▽

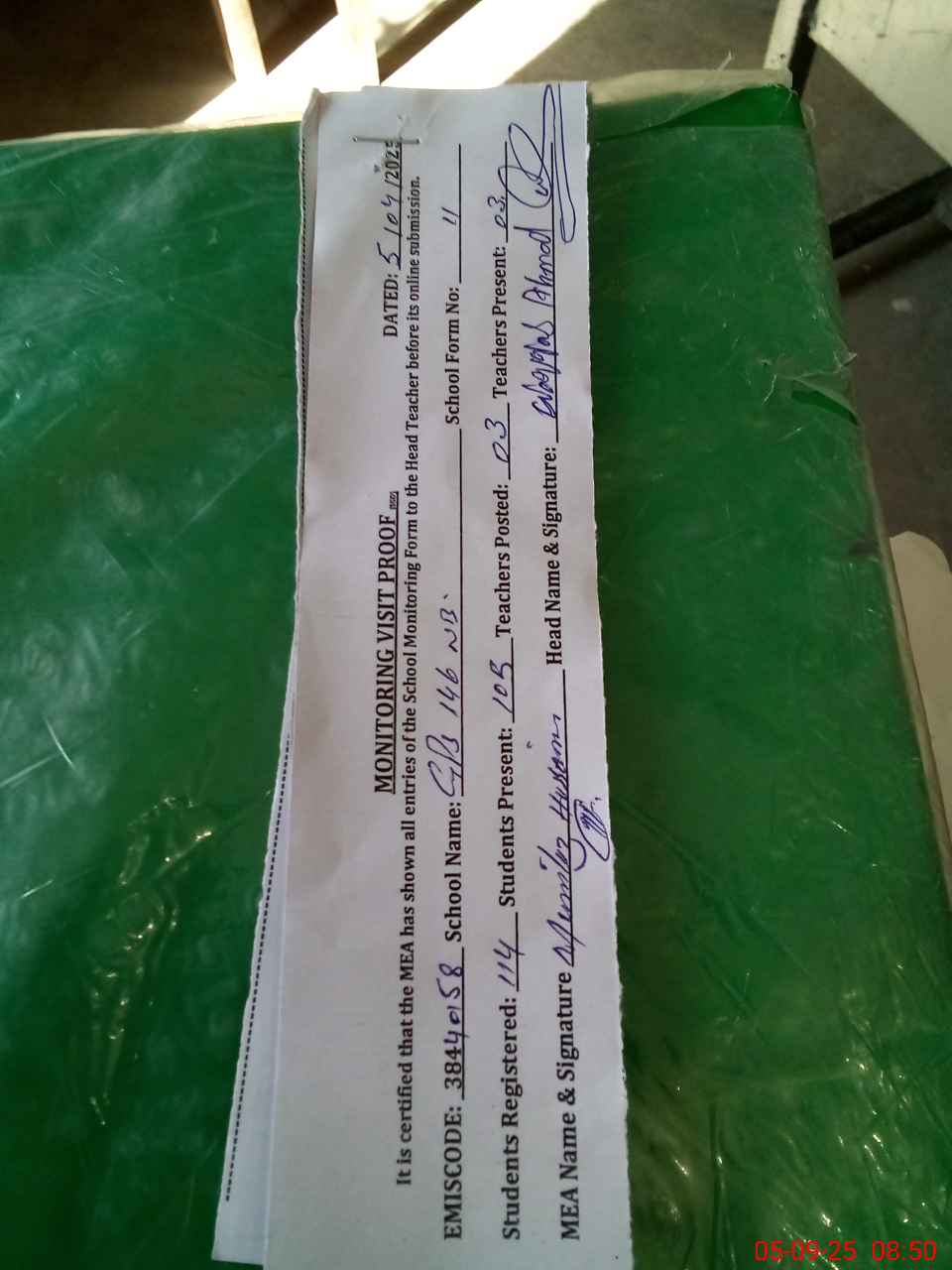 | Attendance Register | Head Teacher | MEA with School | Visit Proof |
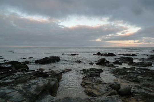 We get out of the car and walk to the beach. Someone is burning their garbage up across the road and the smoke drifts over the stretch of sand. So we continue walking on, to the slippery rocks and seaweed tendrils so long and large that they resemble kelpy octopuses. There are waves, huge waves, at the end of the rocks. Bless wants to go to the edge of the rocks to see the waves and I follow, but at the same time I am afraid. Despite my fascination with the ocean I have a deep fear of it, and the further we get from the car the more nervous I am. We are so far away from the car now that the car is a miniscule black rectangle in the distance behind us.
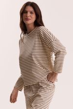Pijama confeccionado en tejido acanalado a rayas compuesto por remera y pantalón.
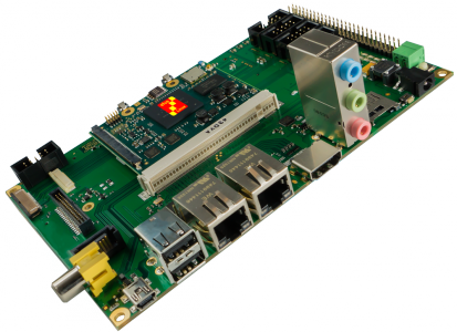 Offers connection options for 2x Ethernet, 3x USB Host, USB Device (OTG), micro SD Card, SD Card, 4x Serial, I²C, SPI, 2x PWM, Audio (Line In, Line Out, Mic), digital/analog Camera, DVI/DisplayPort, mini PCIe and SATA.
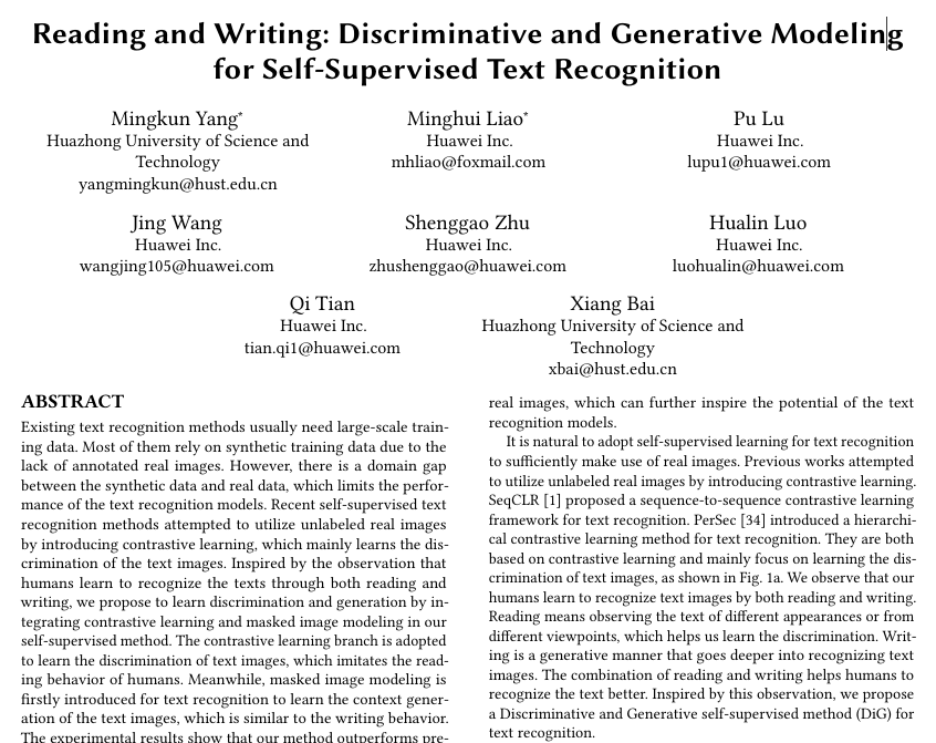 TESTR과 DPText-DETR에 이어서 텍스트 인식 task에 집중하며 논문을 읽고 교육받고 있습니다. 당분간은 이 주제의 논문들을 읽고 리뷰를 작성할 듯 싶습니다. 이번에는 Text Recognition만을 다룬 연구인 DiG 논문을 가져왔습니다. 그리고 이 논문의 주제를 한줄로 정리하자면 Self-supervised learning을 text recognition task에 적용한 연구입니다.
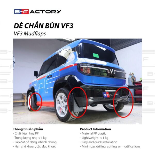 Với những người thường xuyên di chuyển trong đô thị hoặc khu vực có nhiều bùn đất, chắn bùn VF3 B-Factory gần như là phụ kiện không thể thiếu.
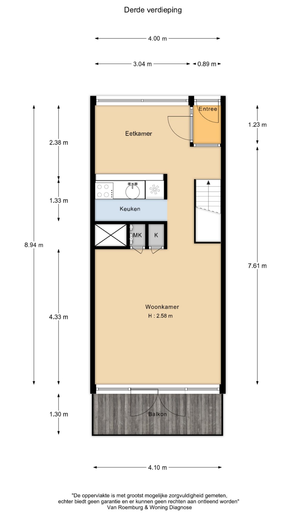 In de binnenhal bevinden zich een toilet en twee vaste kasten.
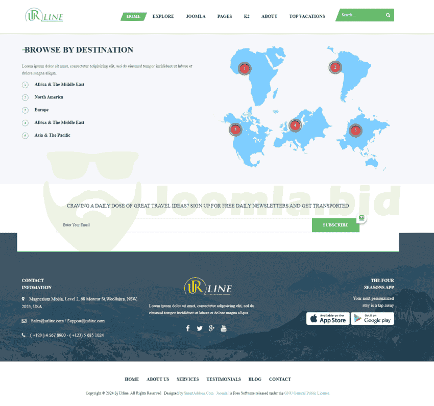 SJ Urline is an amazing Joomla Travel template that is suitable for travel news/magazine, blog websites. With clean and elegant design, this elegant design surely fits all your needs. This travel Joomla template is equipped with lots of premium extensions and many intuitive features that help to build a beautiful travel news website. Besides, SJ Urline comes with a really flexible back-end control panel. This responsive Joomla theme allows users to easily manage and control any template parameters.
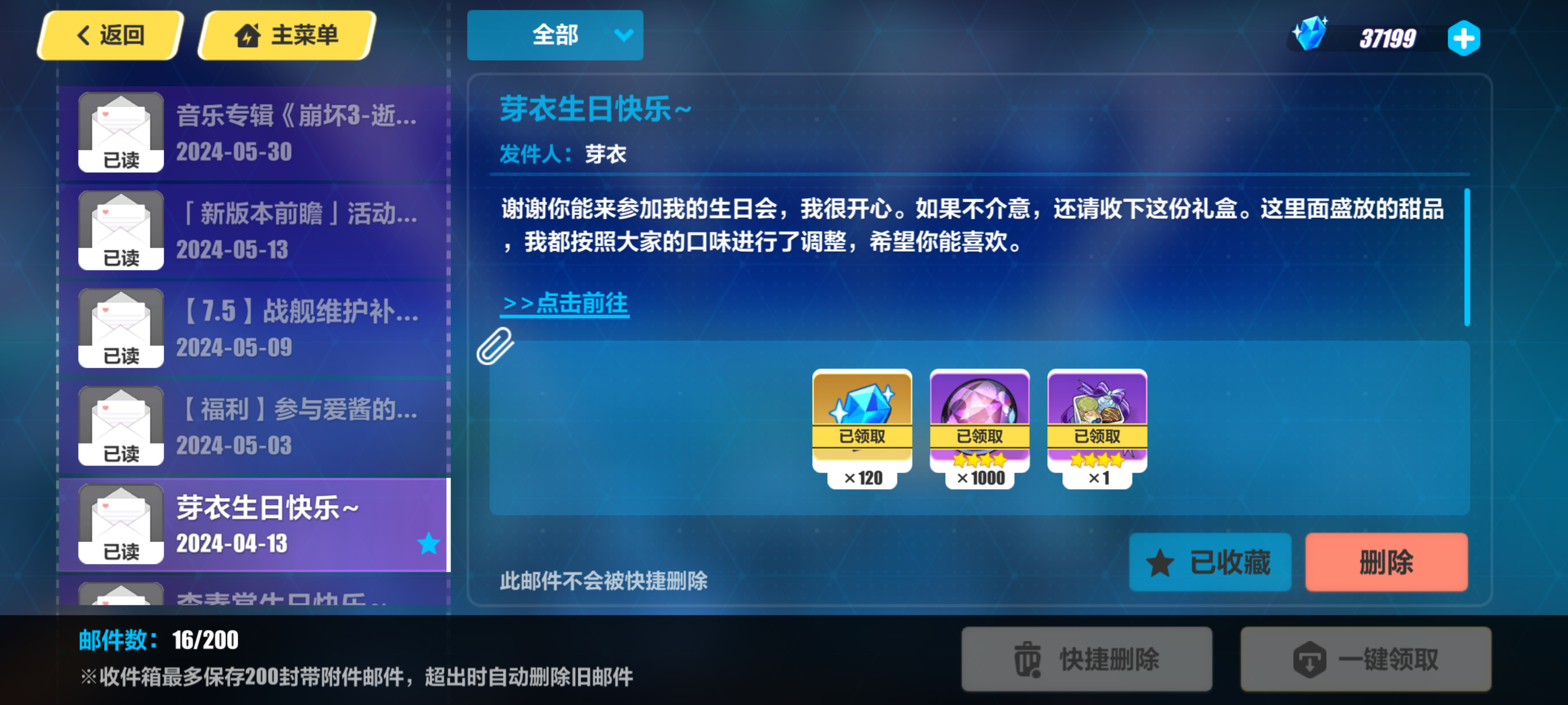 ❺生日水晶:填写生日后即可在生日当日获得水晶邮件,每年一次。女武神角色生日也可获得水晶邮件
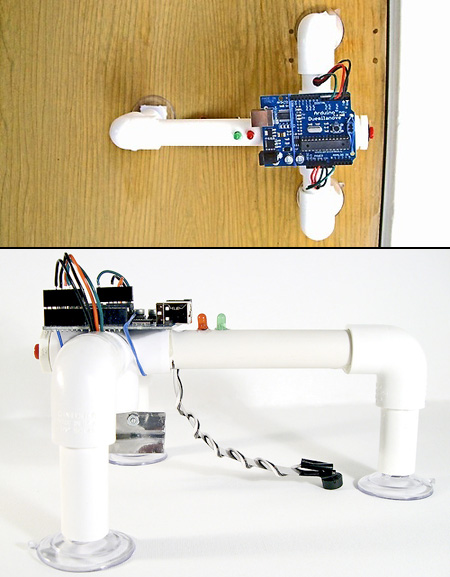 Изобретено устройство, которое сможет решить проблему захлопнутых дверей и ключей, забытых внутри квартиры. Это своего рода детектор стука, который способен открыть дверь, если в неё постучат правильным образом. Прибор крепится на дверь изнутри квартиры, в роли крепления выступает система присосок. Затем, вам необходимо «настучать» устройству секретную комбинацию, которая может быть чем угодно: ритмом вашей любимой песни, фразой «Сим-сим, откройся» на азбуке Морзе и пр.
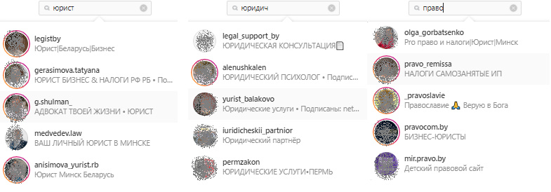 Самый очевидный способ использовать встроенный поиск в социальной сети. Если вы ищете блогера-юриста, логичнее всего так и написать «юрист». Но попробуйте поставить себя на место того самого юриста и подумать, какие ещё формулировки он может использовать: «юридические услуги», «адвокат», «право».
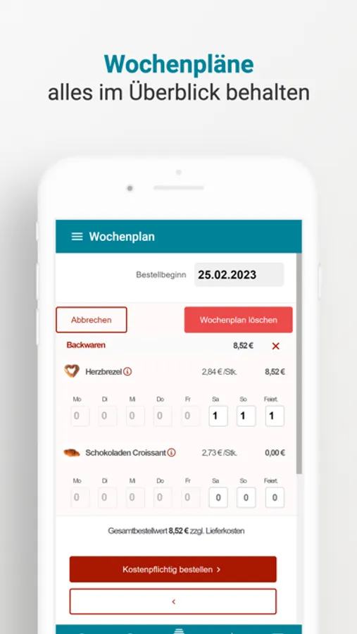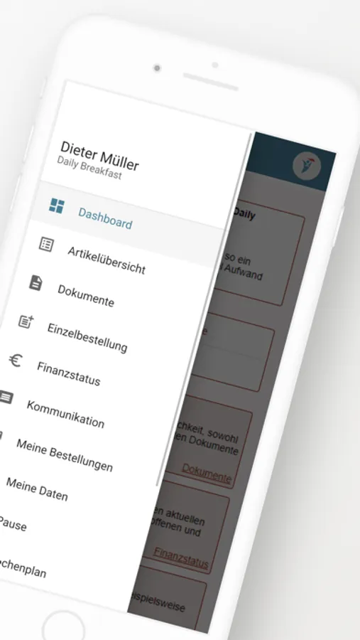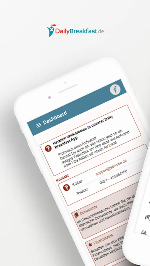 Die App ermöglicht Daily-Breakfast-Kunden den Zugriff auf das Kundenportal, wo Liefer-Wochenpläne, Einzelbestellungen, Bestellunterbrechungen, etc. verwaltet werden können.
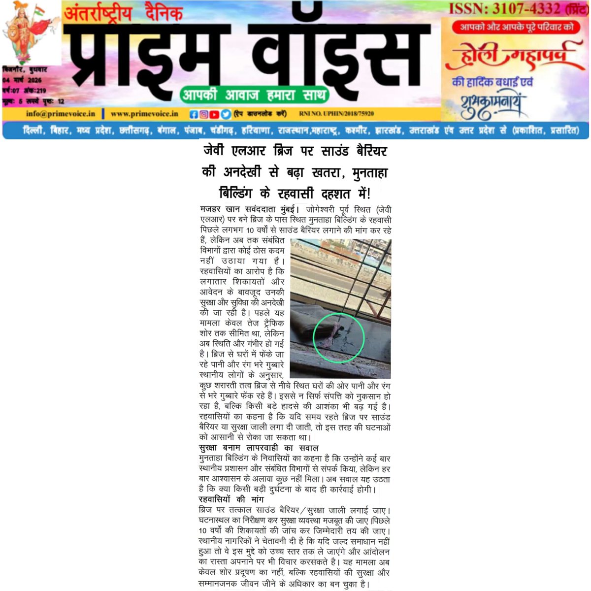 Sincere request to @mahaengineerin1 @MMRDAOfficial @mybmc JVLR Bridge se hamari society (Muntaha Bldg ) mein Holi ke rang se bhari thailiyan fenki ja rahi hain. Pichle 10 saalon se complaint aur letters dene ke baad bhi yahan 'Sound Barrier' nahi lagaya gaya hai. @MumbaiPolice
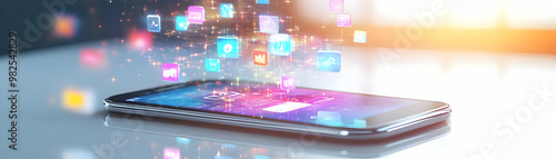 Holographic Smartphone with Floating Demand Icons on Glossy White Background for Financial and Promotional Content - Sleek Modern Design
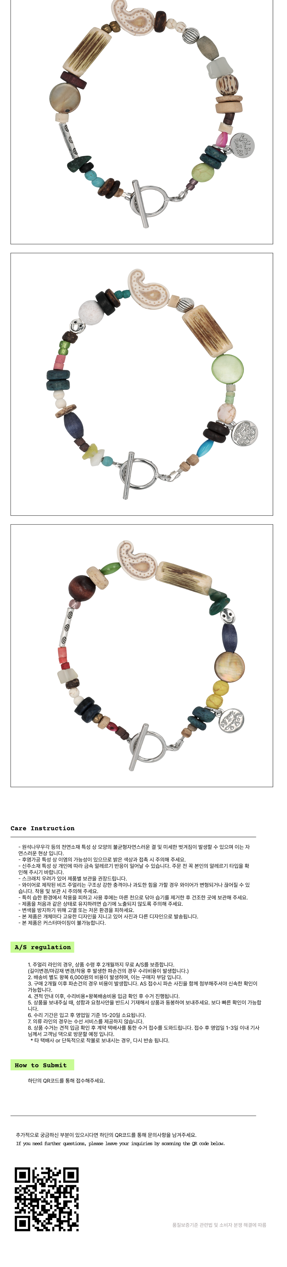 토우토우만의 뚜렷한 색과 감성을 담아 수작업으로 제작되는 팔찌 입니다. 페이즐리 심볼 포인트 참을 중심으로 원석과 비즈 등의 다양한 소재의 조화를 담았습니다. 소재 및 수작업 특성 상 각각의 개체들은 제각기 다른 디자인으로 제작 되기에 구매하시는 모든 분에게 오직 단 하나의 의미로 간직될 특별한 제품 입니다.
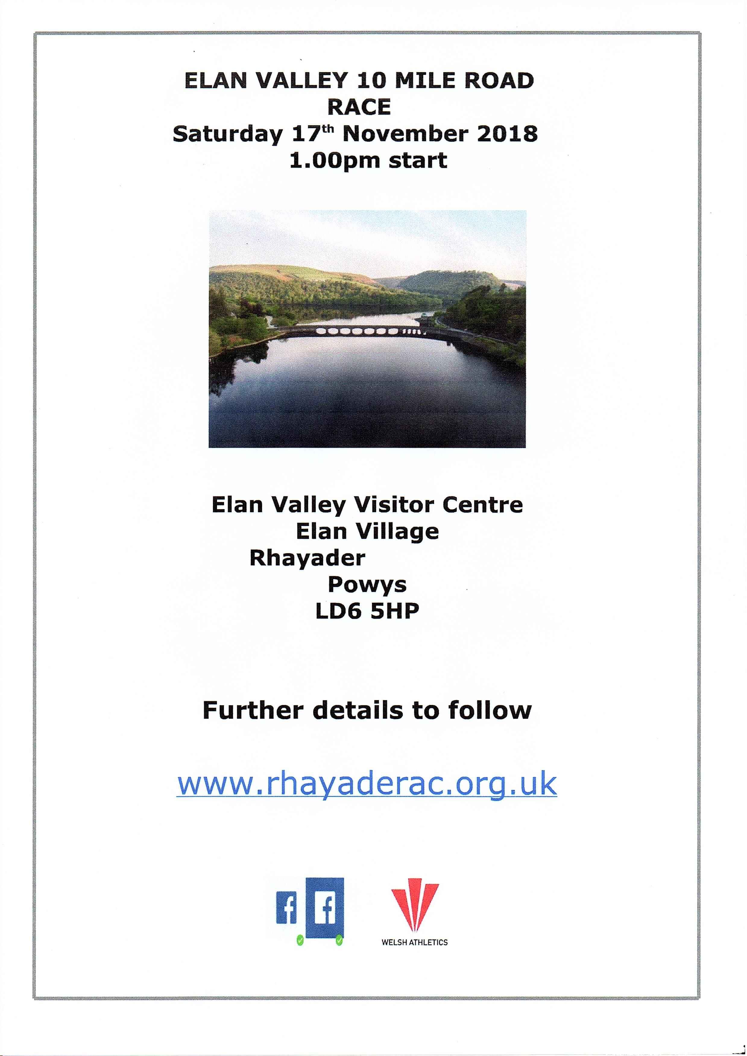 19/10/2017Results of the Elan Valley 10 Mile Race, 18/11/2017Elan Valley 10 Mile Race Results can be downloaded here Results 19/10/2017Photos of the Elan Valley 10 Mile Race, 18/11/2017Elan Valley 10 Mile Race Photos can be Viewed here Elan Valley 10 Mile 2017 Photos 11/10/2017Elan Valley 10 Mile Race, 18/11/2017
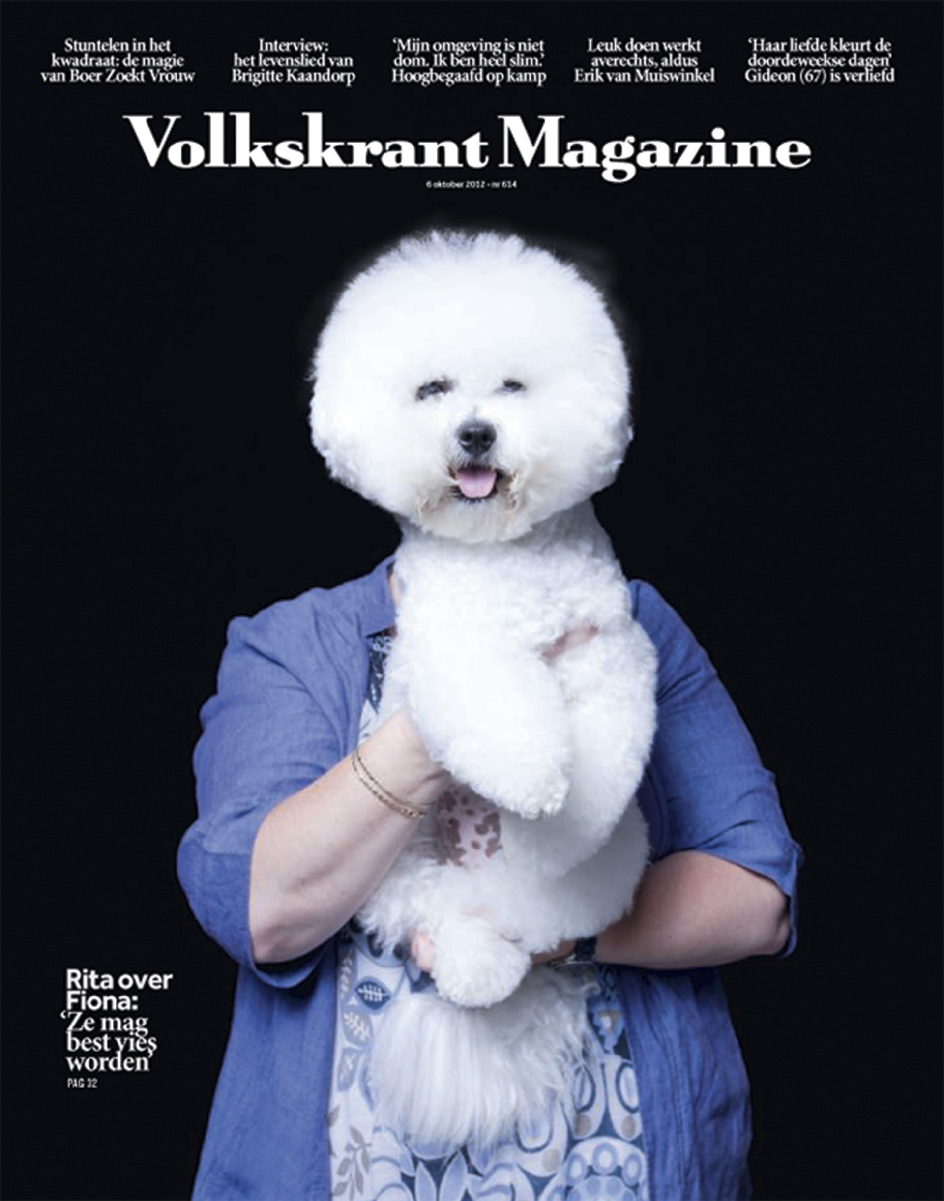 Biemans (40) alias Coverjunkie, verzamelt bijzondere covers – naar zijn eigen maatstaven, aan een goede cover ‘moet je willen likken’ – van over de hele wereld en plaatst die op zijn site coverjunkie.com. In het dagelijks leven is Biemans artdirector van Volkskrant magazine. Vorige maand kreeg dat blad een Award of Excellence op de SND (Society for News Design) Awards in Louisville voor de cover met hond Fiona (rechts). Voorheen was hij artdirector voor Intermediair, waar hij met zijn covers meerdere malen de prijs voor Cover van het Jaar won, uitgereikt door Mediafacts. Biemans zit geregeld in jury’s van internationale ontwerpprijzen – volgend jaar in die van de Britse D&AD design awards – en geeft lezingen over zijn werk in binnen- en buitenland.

△

## Task prompt
Only the lines from the start of the material through the line containing "Offers connection options" should be transcribed. Pictures stay out.

## Answer box
 | Attendance Register | Head Teacher | MEA with School | Visit Proof |
 We get out of the car and walk to the beach. Someone is burning their garbage up across the road and the smoke drifts over the stretch of sand. So we continue walking on, to the slippery rocks and seaweed tendrils so long and large that they resemble kelpy octopuses. There are waves, huge waves, at the end of the rocks. Bless wants to go to the edge of the rocks to see the waves and I follow, but at the same time I am afraid. Despite my fascination with the ocean I have a deep fear of it, and the further we get from the car the more nervous I am. We are so far away from the car now that the car is a miniscule black rectangle in the distance behind us.
Pijama confeccionado en tejido acanalado a rayas compuesto por remera y pantalón.
 Offers connection options for 2x Ethernet, 3x USB Host, USB Device (OTG), micro SD Card, SD Card, 4x Serial, I²C, SPI, 2x PWM, Audio (Line In, Line Out, Mic), digital/analog Camera, DVI/DisplayPort, mini PCIe and SATA.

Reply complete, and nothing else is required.